Jonas Warta, 4, is part of the motivation for his mother, Norcross grad and former American record holder Mary Ellen Warta, in her return to swimming at this weekend's Swim Across America event. Jonas lost his right eye and endured six months of chemotherapy over the past year after being diagnosed with retinoblastoma.
The situation had its humor.
Mary Ellen Warta, a former American record holder in the breaststroke and now a mother of three, recently returned to the swimming pool for serious training. For someone who once swam in some of the world's biggest meets, the Forsyth County YMCA seemed an odd fit.
"I looked over to one side and there were 3-year-olds taking swim lessons," said Warta, a 1991 Norcross grad whose major swimming accomplishments came under her maiden name of Blanchard. "There were 60-year-olds and up doing water aerobics on the other side. And there was me in the middle."
Warta tells the story in a humorous way, yet she is serious about the reason she's trained so hard the past three months --this weekend's Swim Across America cancer research fundraiser at Lake Spivey in Jonesboro.
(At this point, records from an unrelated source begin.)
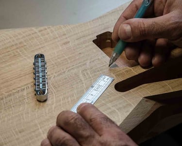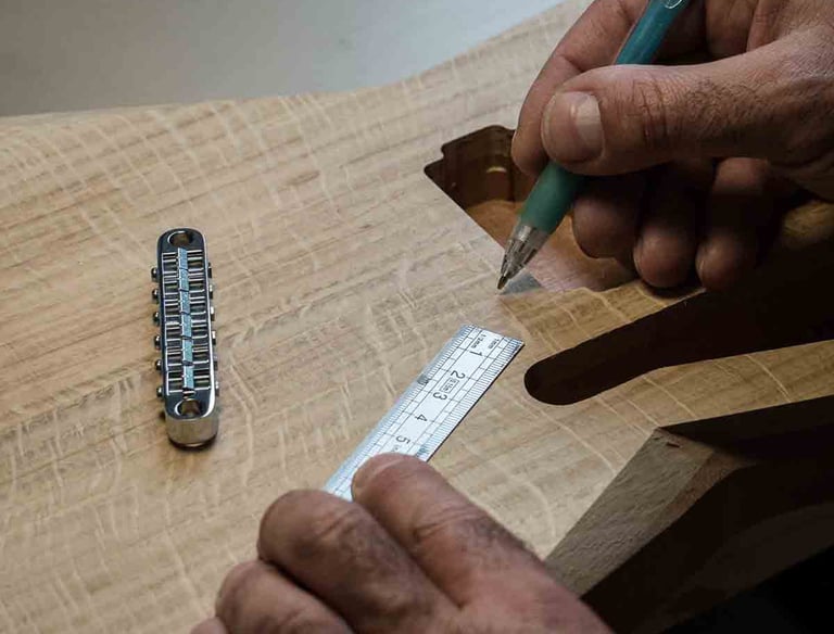 Création de guitares et basses sur mesure dans mon atelier à Mordelles.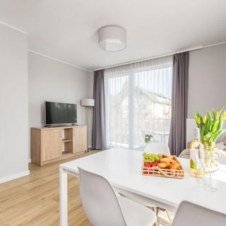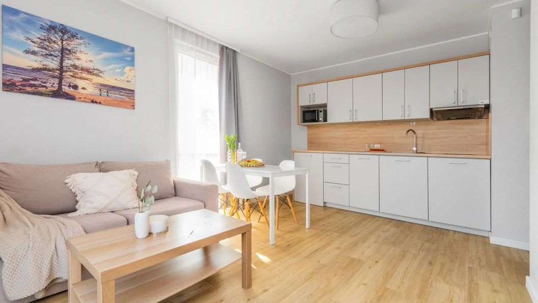 Klasyczny układ apartamentu z jedną sypialnią umożliwia wypoczynek dla 4 osób. Salon wyposażony w rozkładaną sofę dwuosobową, połączony z aneksem kuchennym (lodówka, mikrofalówka, płyta grzewcza, akcesoria kuchenne). Sypialnia oferuje łoże małżeńskie.Łazienka wyposażona w kabinę prysznicową, WC, umywalkę, suszarkę do włosów oraz pralkę. Apartament wyposażony w TV 40 cali z funkcją Smart WIFI oraz szybkie łącze internetowe.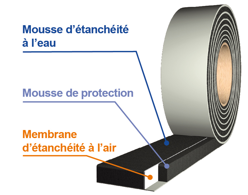 Joint d’étanchéité à l’eau et à l’air pour le calfeutrement des menuiseries extérieures, en neuf et rénovation.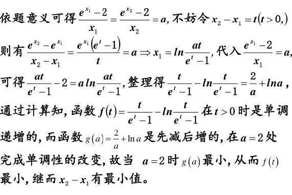 这里巧妙之处在于虽然无法解出两个零点,但可以用含有a的式子把x2-x1给表示出来,利用两个函数的单调性来确定x2-x1的最小值的位置,是值得好好学习的方法。

A former Stanford swimming teammate encouraged her to join the event, which has a more personal meaning for Warta than it would have not too long ago.
Last year her son Jonas, now 4, endured a scary battle with cancer.
Not long after his 3-year-old checkup, one of Jonas' preschool teachers noticed that one of his eyes was glassy. A whirlwind few days resulted in the frightening diagnosis --retinoblastoma.
The tumor was so large that Jonas had redeye in photos in one eye, but not the other. Doctors estimated that he had been slowly going blind in his right eye for six to eight months. He was likely six weeks away from the tumor finding its way into his optic nerve.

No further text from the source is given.